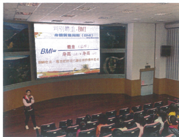
健康體位全校性宣講
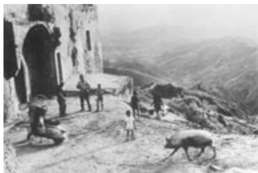
H. Cartier Bresson. Masseria del materano, 1972. courtesy Comune di Tricarico

Ad un anno dalla scomparsa del Maestro, la Fondazione SouthHeritage rende omaggio al grande fotografo e al suo linguaggio artistico-antropologico inteso come impegno di documentazione verso aspetti della realtà storico-sociale lucana. In questa prospettiva il progetto è finalizzato non solo alla valorizzazione della cultura dell'arte contemporanea ma anche alla rivalutazione delle collezioni presenti sul territorio e a facilitare la realizzazione delle condizioni strutturali che possono stimolare lo sviluppo della produzione, della creazione, della ricerca artistica
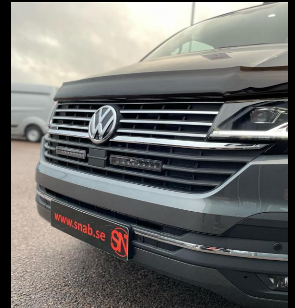
EXTERIÖR STYLING / EXTRALJUS

§ Exercise aim
Up to and including the line containing "H. Cartier Bresson.", repeat every line from the start of the data, but none of the pictures.

§ Written answer
健康體位全校性宣講
H. Cartier Bresson. Masseria del materano, 1972. courtesy Comune di Tricarico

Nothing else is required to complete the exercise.